In general, conglomerates are rather difficult to value properly. This is especially the case regarding General Electric (GE). GE is mostly an industrial growth stock, but still gets a large chunk of its earnings from its lending segment GE Capital. However, on August 30, GE announced that it intends to exit retail finance via spinning off the U.S. consumer-lending operations of GE Capital. Do note that this segment represents only about one-third of GE Capital's revenues. Breaking up GE Capital into smaller pieces is less than ideal, but a buyer for the entire segment is unlikely due to its large size.
GE's current valuation compared to pure-play industrial peers
When looking at TTM PE ratios, GE appears to be undervalued when compared with other industrial stocks such as Honeywell (HON) and Emerson Electric (EMR). Both Emerson and Honeywell have typically traded at around a 20X PE while GE has struggled to maintain even a 17X PE. This is not a short-term trend as GE has consistently traded below both names in terms of valuation over the past 4 years. Do note that, when adjusting for certain one-time items, GE's TTM PE ratio is more towards 15X, implying even more of a discount.
While most certainly the most used, I will admit that earnings are often not the best way to determine value. A better method of determining value is by using the enterprise multiple. This is simply enterprise value, or EV, and divided by EBITDA. This method allows us to factor debt into the valuation and generally has less earnings-related noise. As shown below, GE trades at nearly a 30% discount to Honeywell and a 50% discount to Emerson when compared by enterprise multiple.
GE's current valuation compared to financial peers
Keeping with enterprise multiple theme, let us compare GE to several financial stocks. As GE Capital is somewhat diversified, with various operating segments, we need to pick several different types of financial stocks. For my comparison I use American Express (AXP) and Wells Fargo (WFC), as one represents a growth-oriented credit card company, while the other is a more traditional banking stock.
Even here, GE appears to trade at a substantial discount, with American Express commanding nearly a 30% premium while Wells Fargo trades at 12% premium. Do note that GE Capital's assets are generally of much lower quality, which may be a factor in the valuation.

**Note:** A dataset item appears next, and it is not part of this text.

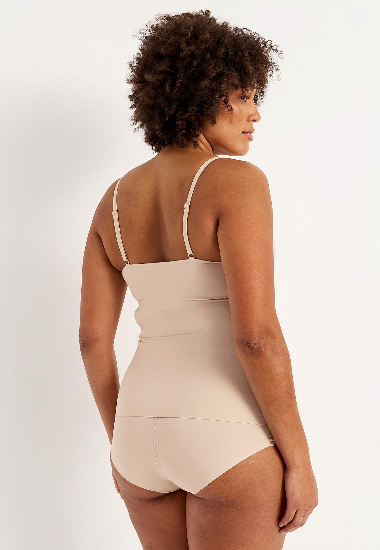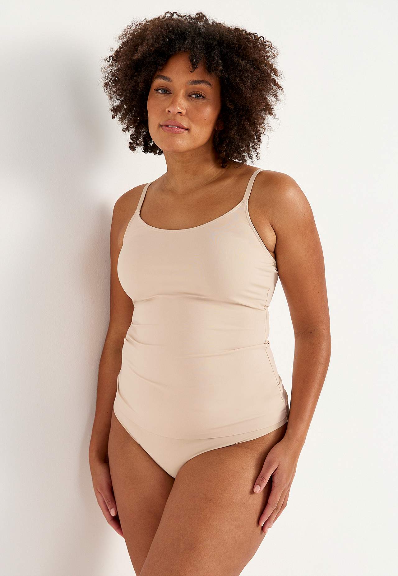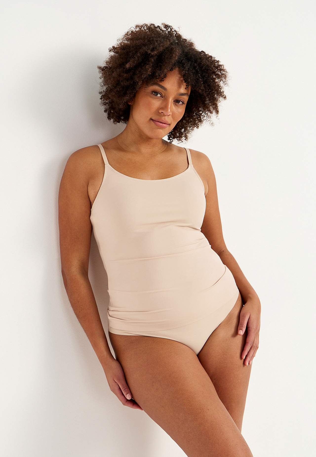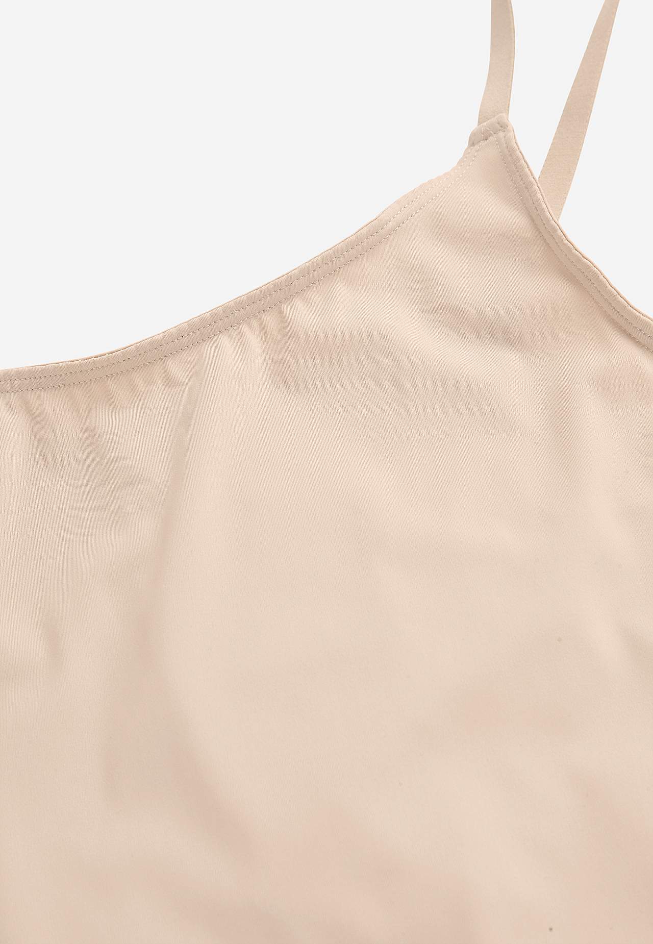 Figurnära passform med lätt shaping-effekt. Mjuk, stretchig microfiber. Snabbtorkande material perfekt för varma dagar. Reglerbara axelband. U-ringning. Sömlös, laserskuren nederkant. Rygglängden följer storleken ca 35-47,5 cm.

Upside Catalyst: Massive share buybacks and possible dividend increase
Earlier in the year, GE announced that it would use most of the proceeds from its $16.7B sale of its minority stake in NBC Universal to Comcast (CMCSA) for share buybacks. The company also noted that it would like to lower its share count to below 10B, which is the level GE was before the 2008 crisis. Assuming its current share price, this would cost GE about $4.2B. GE also noted that it has paid out about $9.9B of the $18B it plans to return this year to its shareholders via dividends and share buybacks. Of special note is that GE's CEO Jeff Immelt estimates that the company will generate $100B that will be allocated to dividends over the next few years.
Regarding dividends, GE's last two dividend increases came during Q4. While dividend increases are not carved in stone, it seems unlikely that GE will not increase its dividend this year. GE's last two dividend increases were about $0.02 per share per quarter, or about $0.08 annually. This would appear to be a likely target for GE's next dividend increase as it would be in line with its EPS growth this year. Assuming that GE does increase its quarterly dividend by 2 cents, this would imply a 3.63% yield and 55% payout ratio using its current price and TTM adjusted earnings.
GE Capital's assets are not of the highest quality and were the cause of significant losses during the 2008 financial crisis. As a result, GE was forced to seek federal aid via a massive $140B bailout and was also a factor in the decision to cut the dividend nearly 70% in 2009.
The market appears to be having trouble valuing GE. The company trades at a large discount when compared to both its industrial and financial peers. If GE Capital were completely separated from GE it would likely be valued more correctly, which is likely to be in line with other financial stocks.
Make no mistake about it, GE is an industrial stock first and foremost. The decision to exit retail financing should be considered a good first step for investors in GE. It is my opinion that GE Capital has been drag on GE's valuation. The company would most likely command a higher multiple if GE consisted solely of its growth oriented industrial segments.
Disclaimer: The opinions in this article are for informational purposes only and should not be construed as a recommendation to buy or sell the stocks mentioned. Please do your own due diligence before making any investment decision.